In producing Magic content, finding the line between ego and confidence can separate good content from great content.
People consume Magic content for multiple reasons- they want to get better, a desire for new ideas, travel tales of the games' top pros. Me? I write about Pauper, a niche format largely played online. No huge prizes and no Pro Tours in exotic locations.
No guts. No glory. Just Magic.
I write because I care about the format and the community. I have been a part of the Pauper community for the better part of a decade and it is something I understand, so I want to share my passion with the Magic-sphere. When I write, I refuse to submit anything unless I am pleased in what I have produced. My deck may not be the best or my reasoning may not be at the level of Magic's elite, but I can let something go into the aether and be happy with the words.
To me, this is confidence. I have written something for consumption and therefore is fit to be read (but not necessarily accepted as "good"). I, as an entity, am a minor factor. Do I have some inherent capital from notoriety Absolutely and I would be crazy to deny this. What I strive against, in my own work, is putting forth an idea, concept, or deck and expecting people to take it as truth because it coming from me.
There is another producer of Pauper content out there who seems content to expect his work (largely decks) to be consumed and appreciated on his say so. While his ideas may be sound, they are put forth with the concept of "These are my ideas, so they must be good."

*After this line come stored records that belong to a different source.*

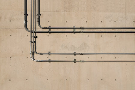 Concrete wall and metal plumbing
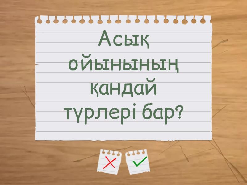 Баскеобол ойынының ағылшын тіліндегі мағынасы қандай? - basket-себет,ball-доп, Гандбол ойынының ұзақтығы қанша және қанша таймнан тұрады? - ойын ұзақтығы 30минут,2таймнан тұрады, Асық ойынының қандай түрлері бар? - құмар,тәйке,алшы,омпы және т.б, Қандай қазақ ұлттық ойындарын білесің? - Көкпар,тоғызқұмалақ,ақсүйек,бас тас,ләңгі т.б, Волейболл ойынын алғаш ойлап тапқан кім? - У.Д.Морган,
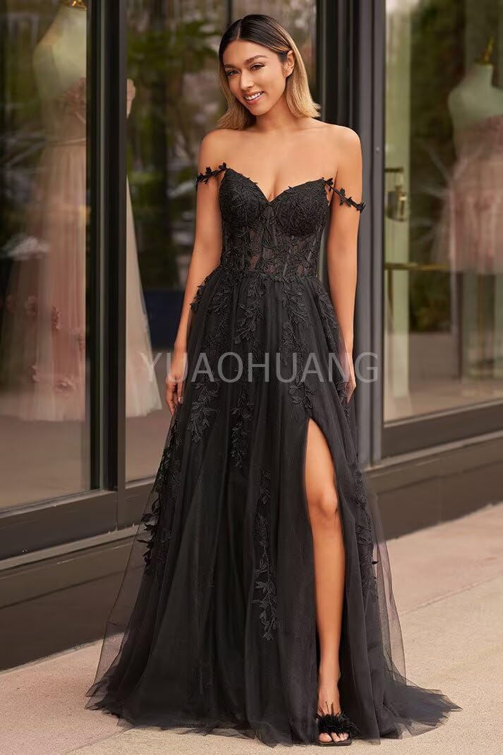 Off Shoulder Lace Corset Prom Dresses A Line Ball Gown with Slit for Women 2025
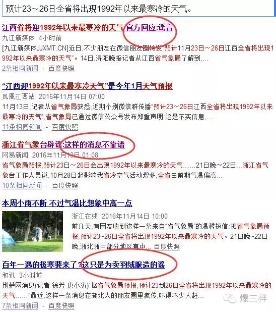 在調查過程中,大眾網記者發現,同樣的事,在最近幾天,也曾先后被江西省氣象臺、湖北省氣象臺和浙江省氣象臺緊急辟謠:“不要相信和傳播我省近期有極寒天氣的不實信息,氣象臺一般不會發布10天以后的預報,請大家不要相信這類謠言。”
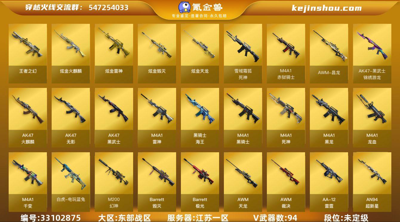 江苏一区-106V-6王者武器数-8炫金武器数 【传说角色】:传说星骇 【热门武器】:QBZ03-金色蔷薇,M200-幻神,死亡之眼,白虎-电玩蓝兔,Cat-刀锋,M4A1-黑骑士*6,汤姆逊-烈龙*6,RPK-盘龙*5,加特林-炼狱*2,羊驼玩偶,沙鹰-修罗*4 【王者炫金武器】:王者之幻,炫金火麒麟,炫金骑士*3,炫金雷神,炫金武士,炫金毁灭,炫金天龙 【音效卡】:修罗-云海游龙音效卡,M4A1-黑骑士音效卡,Barrett-毁灭音效卡,HK417-朱雀音效卡,M4A1-苍鸣雷神音效卡,M4A1-赤狱骑士-怀旧音效卡,Barrett-碧霄极光音效卡*2,麒麟刺-百战金芒-盛典舞曲音效卡,炼狱-百战金芒-庆典舞曲音效卡,死神-雪域霜狐-怀旧音效卡,AWM-昌龙-怀旧音效卡 【皮肤】:AWM-裁决-凤灵皮肤,裁决-运输船 皮肤,雷神-星空,雷神-宇航兔皮肤,雷神-海滩派对 皮肤,M4A1-雷神-拼搏,M4A1-再燃火线,火麒麟-百城,AK47-火麒麟-百城23冠军皮肤,毁灭-荣耀之怒,毁灭-英雄计划 皮肤,黑龙-能量核心,黑骑士耀金皮肤,无影-能量核心,AWM-天龙-传奇70KG,天神-春花弄影 皮肤,屠龙-荣耀之锋,屠龙-春桃 皮肤,屠龙-惊鸿 皮肤,龙啸-醒狮 皮肤,轻型军用手斧-再燃火线 【角色】:零,玄豹,零·纪元,战地猎狐,雪域霜狐,...
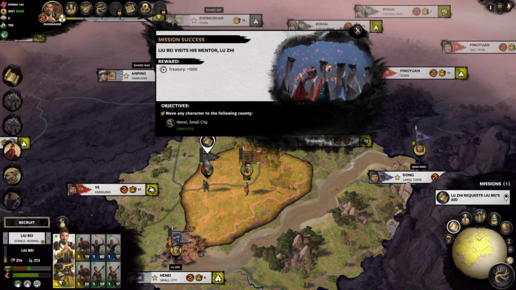 - Turn 8: The Mandate War event fires. Move to Bohai to spawn the final looter army. Switch to ambush or encamp stance. When you end your turn, the looter army will attack Liu Bei, so just defeat it in battle.
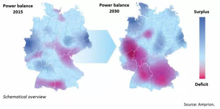 按照Amprion電網(wǎng)公司針對(duì)2015年與2030年情景所做電力平衡,未來(lái)十年后德國(guó)南部電力緊缺,北部電力盈余(南缺北豐現(xiàn)象),然而,目前連接德國(guó)南北部35,000公里的直流輸電線并不能完全承擔(dān)將北部的剩余發(fā)電傳至南部的任務(wù)。特別是在大風(fēng)天,北部的現(xiàn)貨電力市場(chǎng)中有大量廉價(jià)的可再生能源參與競(jìng)價(jià),大大壓低電力批發(fā)價(jià)格,鼓勵(lì)南部用戶購(gòu)電,然而現(xiàn)有的輸電線卻無(wú)法將這些風(fēng)能全部輸送給客戶。因此,雖然北部發(fā)電中心可以在一定程度上通過(guò)靈活性調(diào)節(jié)和出口避免浪費(fèi)風(fēng)電,但南部電網(wǎng)運(yùn)營(yíng)商仍需調(diào)度價(jià)格較高的常規(guī)能源機(jī)組進(jìn)行發(fā)電,從而提高了饋電成本。此外,由于各個(gè)北歐國(guó)家都在擴(kuò)大風(fēng)光發(fā)電能力,并且所有市場(chǎng)的用戶行為都表現(xiàn)出很大的相似性,因此調(diào)整進(jìn)出口以滿足德國(guó)電力市場(chǎng)穩(wěn)定性的能力將會(huì)越來(lái)越有限。這就使得南北輸電線的建設(shè)更有必要。
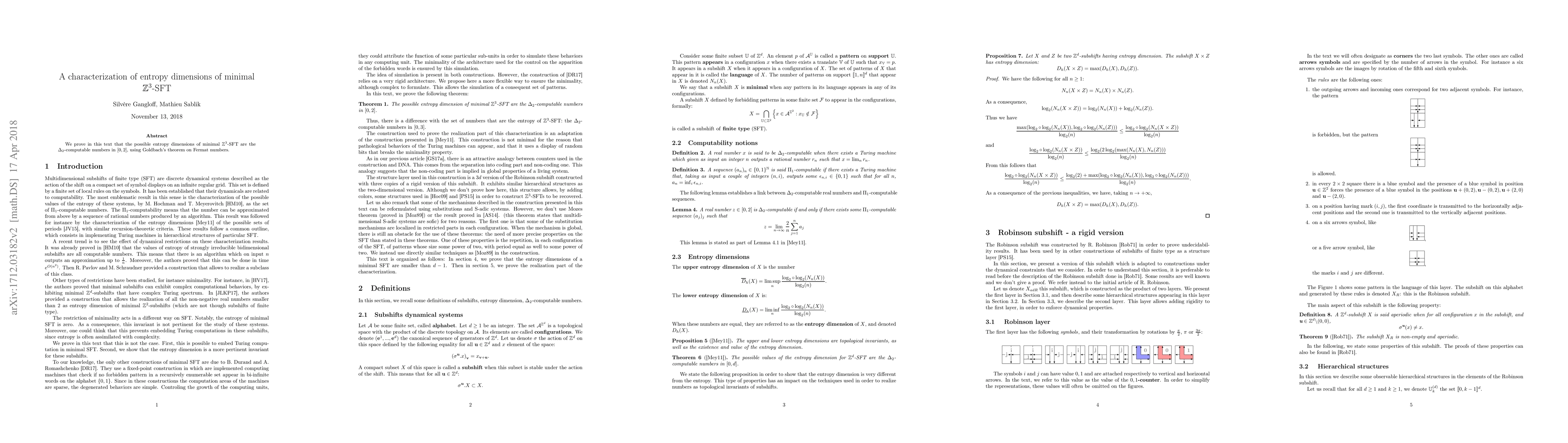 We prove in this text a characterization of the possible entropy dimensions of minimal tridimensional subshifts of finite type with a computability condition, using Goldbach's theorem on Fermat numbers.

This annoys me because I used to be the same way. When I first started writing Magic articles, I believed that any idea I had was miles away than that of other people playing Pauper, and that to not understand my clear genius was an insult. It was only after time, many loses, and a break from writing that I realized my error.
Writing with Confidence is believing what you have produced is good. Writing with Ego is believing whatever you produce is good enough for consumption.
This is not to say that ego is bad. As I said above, all writers need an ego. An ego required to believe that the writer is good enough to make something worth the reader's time. When it becomes more about the writer than the reader, that is when the scales tip.
Of course writing this is just an expression of my ego, so there is that.